The warning signs were there, but Australia ruined the opportunity to take on the Solomon Islands. As Beijing moves, that’s how we got so wrong.
Almost two decades ago, a friend of mine accompanied the Australian-led Solomon Islands Regional Assistance Mission.
While there he witnessed a briefing to locals from a DFAT official accompanied by an armed Australian soldier.
The official explained that the mission’s purpose was to restore law and order in the Solomons and concluded by asking locals if they had any questions.
Yes, replied one of the locals, staring at the soldier’s machine gun. Could he please shoot the crocodile that ate all their dogs?
That one exchange alone tells you everything you need to know Australia’s relationship with the Solomon Islands. Suffice it to say we weren’t there to shoot crocodiles.
Now we were only there to restore law and order. Yes, the Australian mission was to establish stability and rebuild institutions destroyed by fighting and unrest – assuming they were present in the first place – but it wasn’t just so everyone could hold hands and sing. kumbayah. It was because our national security depended on it.

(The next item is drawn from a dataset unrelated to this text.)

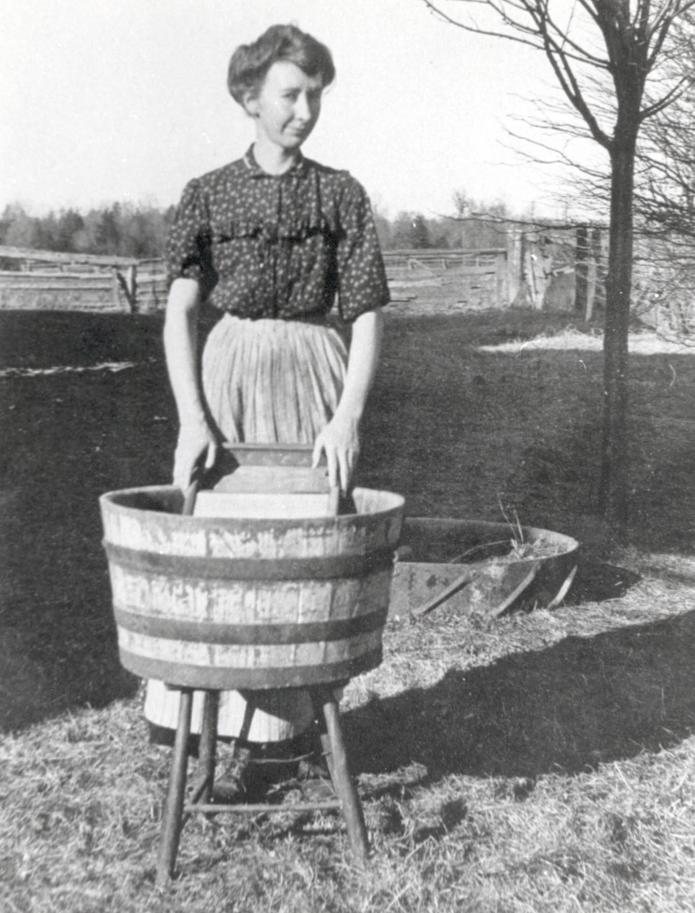 Photograph of Ida Law (1880-1956), later Mrs. Charles H. Hindle, Jr., on washing day.

Not that we even noticed at the time. Australia had little interest being sucked into Solomon’s quagmire until the Americans – still faltering since 9/11 – pointed out that having a violent failed state on our doorstep wasn’t exactly a world-class strategic positioning.
Australia should not have been reminded of this. Six decades earlier, in 1942, the Solomons were the site of the first Allied offensive against the Japanese invading forces, who were trying to isolate Australia from the United States by conquering the main island of Guadalcanal.
Yet even the official Royal Australian Navy (RAN) story of this key event in World War II alludes to our national amnesia.
“While most Australians are familiar with the determined resistance and subsequent counter-offensive of Australian soldiers along the Kokoda Track, the simultaneous actions of Australian sailors at Guadalcanal are often forgotten, but are perhaps just as important for those wishing to better understand the fundamentals. defense of Australia, ”writes military historian Dr Gregory P Gilbert on the RAN website.
“After all, as an island nation, the defense of our maritime communications has always been vital.”
Specifically, as anyone with a piece of string would understand, our maritime communications with the United States, then as now, our strongest and most important strategic partner.
Yet even after this existential threat to our nation in 1942, and even in the aftermath of the most blatant attack on American soil in 2001, we still needed to remember it less than two years later, when George W. Bush told our government that Solomon’s riots were a fire that we probably shouldn’t let burn.
Thus was born in 2003 the RAMSI mission. Exactly a decade later it entered a “transitional” phase, and four years later it ended, on June 30, 2017.
“Law and order have been restored, national institutions have been rebuilt and the economy of the Solomon Islands has been reformed,” reads the official account on the RAMSI website, a website that may soon need to be updated.
Ironically, given its genesis, RAMSI’s Bush affirmation of “Mission Accomplished” now seems a bit premature. With the Solomons is now in the process of becoming a client state of China the reform we are achieving does not appear to be the one we spent $ 2.6 billion on.
So how the hell did we drop a couple of bills just to drop a bowling ball on our big toe?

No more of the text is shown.